▶ _Task objective_: Without copying any picture, transcribe exactly the lines of the data below from the one containing "- Wij wensen" through the one containing "Use apple airplay".
START Data section
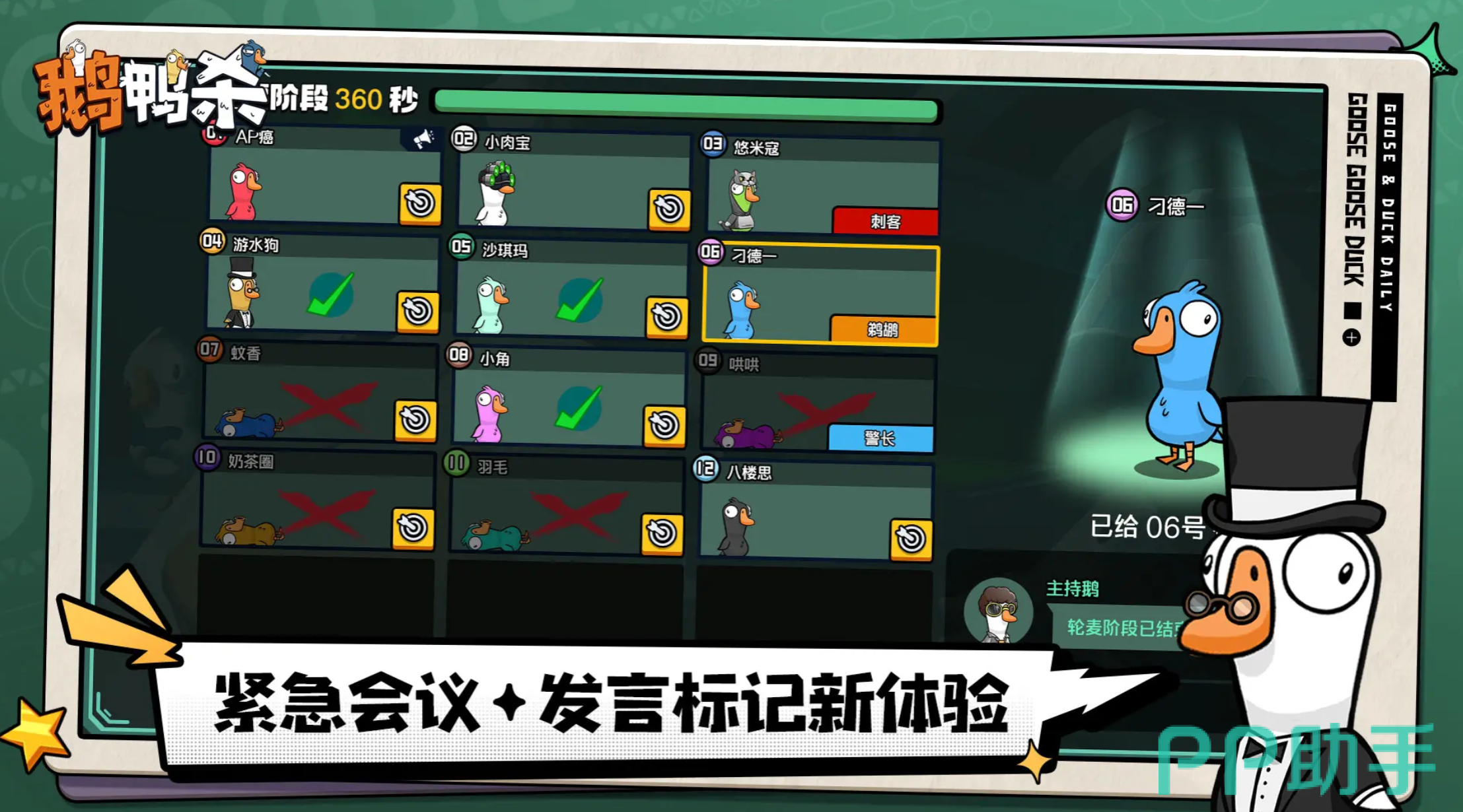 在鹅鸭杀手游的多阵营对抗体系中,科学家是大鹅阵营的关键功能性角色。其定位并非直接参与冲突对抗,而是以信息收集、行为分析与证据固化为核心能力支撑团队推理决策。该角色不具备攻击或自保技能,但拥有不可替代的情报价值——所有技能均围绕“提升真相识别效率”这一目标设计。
END Data section
START Data section
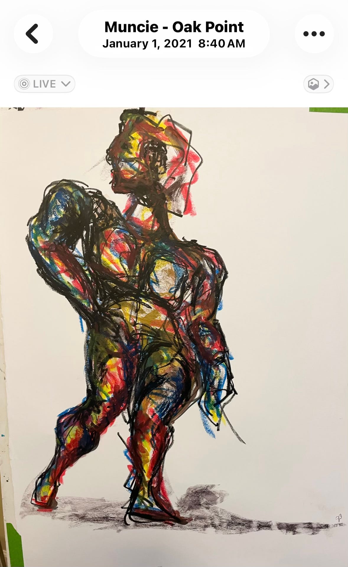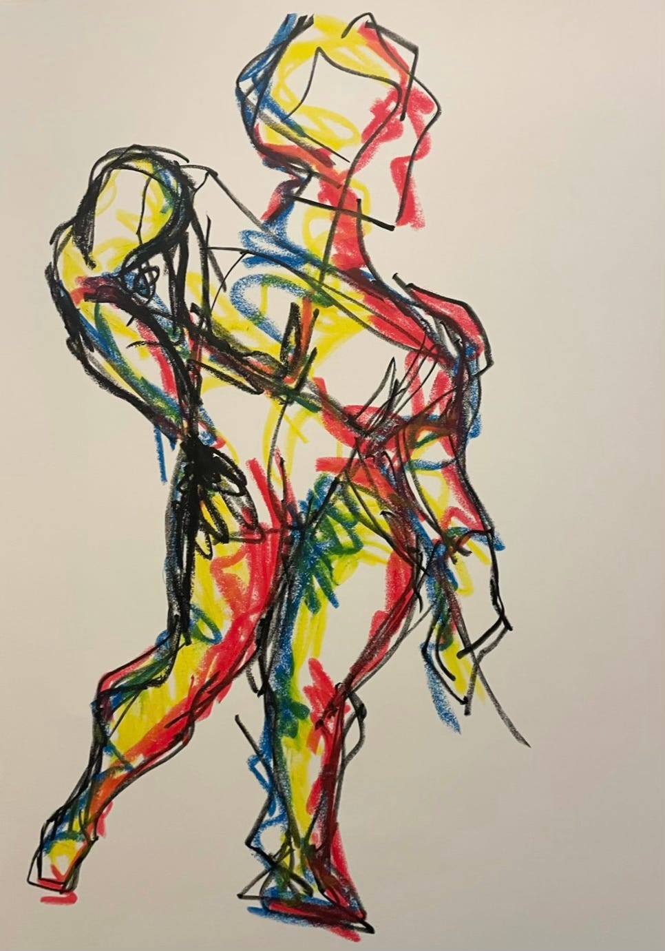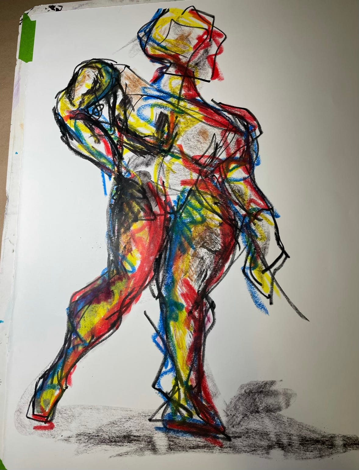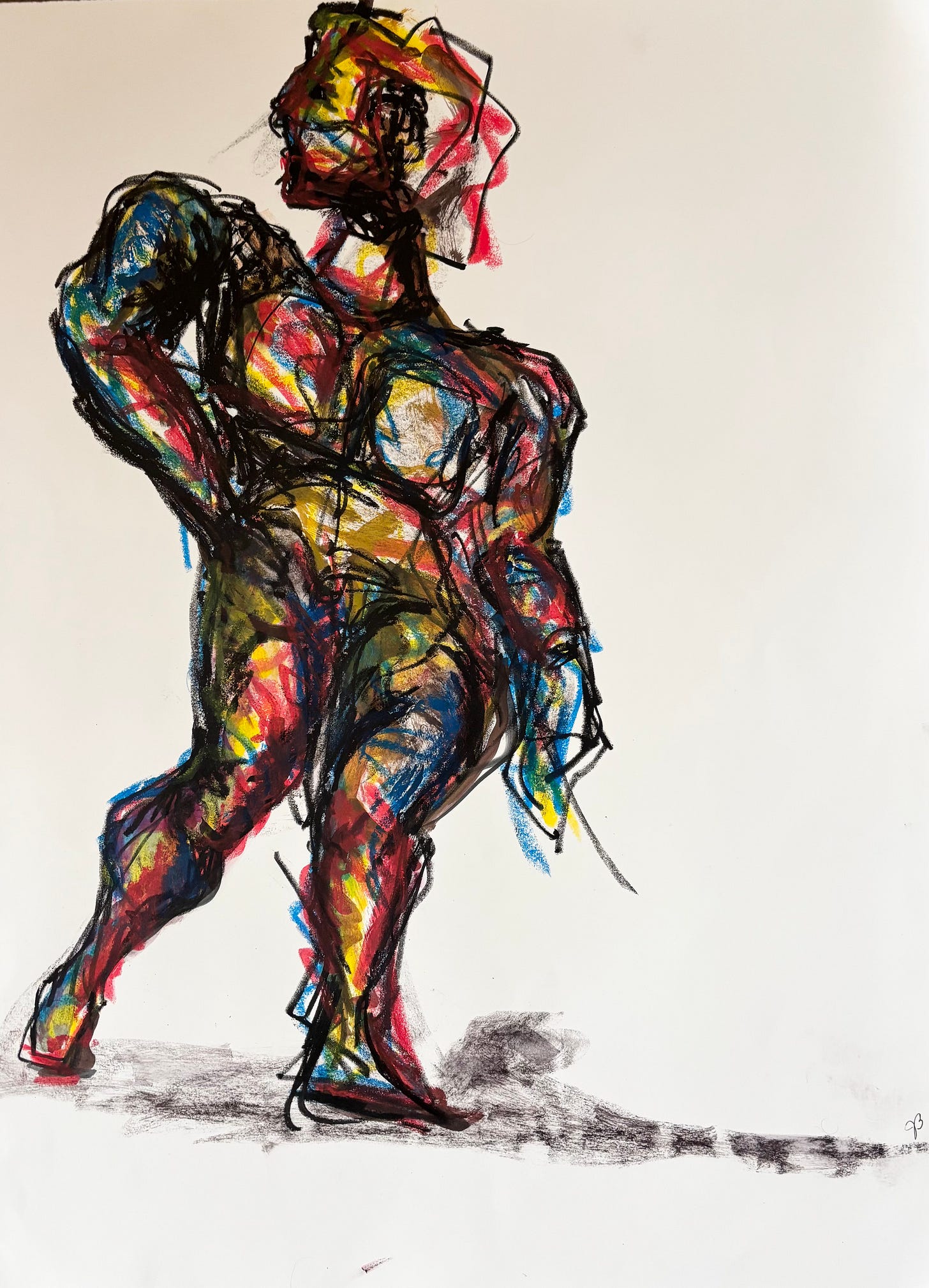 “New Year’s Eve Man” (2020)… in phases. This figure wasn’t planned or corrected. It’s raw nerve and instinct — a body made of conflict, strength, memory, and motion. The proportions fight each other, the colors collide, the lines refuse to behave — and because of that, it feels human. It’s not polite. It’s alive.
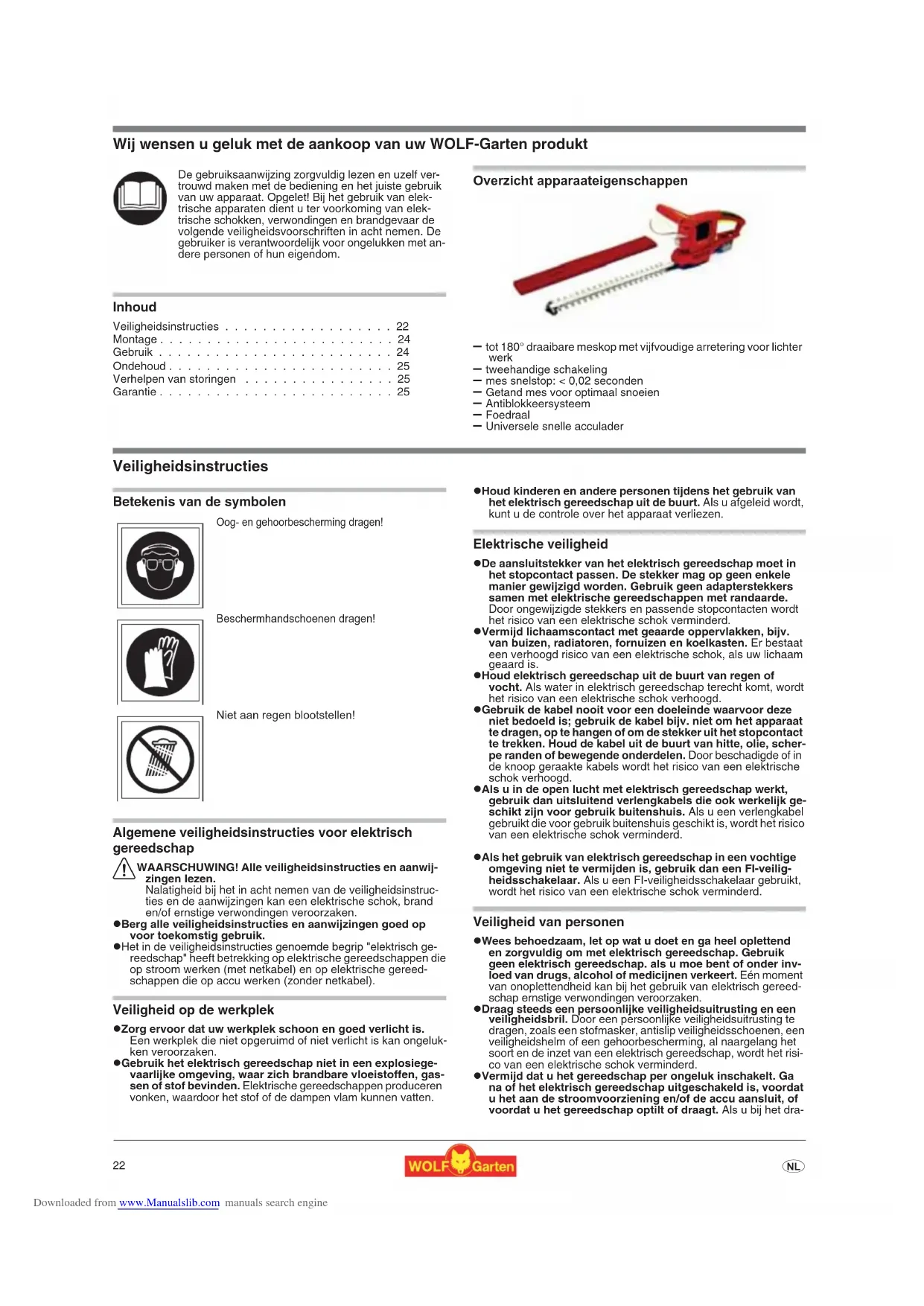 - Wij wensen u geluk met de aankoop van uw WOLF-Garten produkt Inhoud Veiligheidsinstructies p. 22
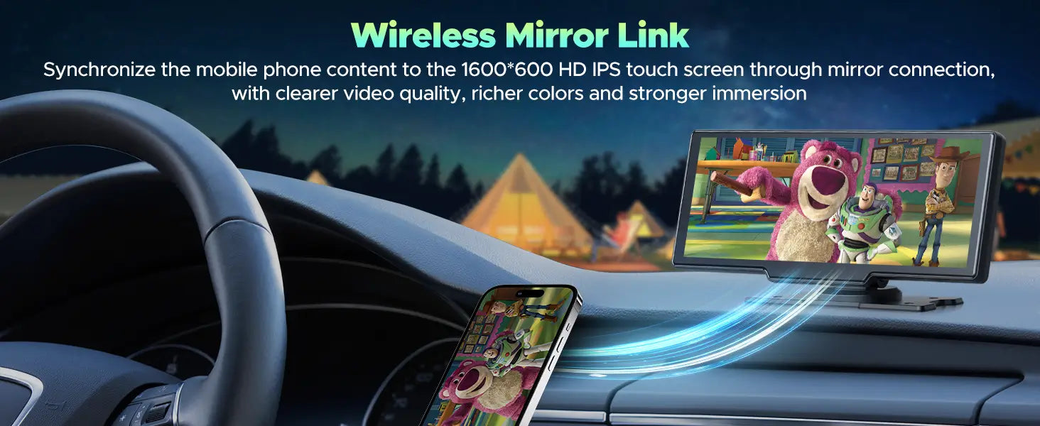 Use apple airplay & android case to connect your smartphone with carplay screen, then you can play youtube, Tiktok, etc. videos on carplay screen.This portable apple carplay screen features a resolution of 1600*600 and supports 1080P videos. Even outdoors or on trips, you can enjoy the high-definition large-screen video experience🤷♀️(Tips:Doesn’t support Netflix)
END Data section
▶ _Finished task_:
 - Wij wensen u geluk met de aankoop van uw WOLF-Garten produkt Inhoud Veiligheidsinstructies p. 22
 Use apple airplay & android case to connect your smartphone with carplay screen, then you can play youtube, Tiktok, etc. videos on carplay screen.This portable apple carplay screen features a resolution of 1600*600 and supports 1080P videos. Even outdoors or on trips, you can enjoy the high-definition large-screen video experience🤷♀️(Tips:Doesn’t support Netflix)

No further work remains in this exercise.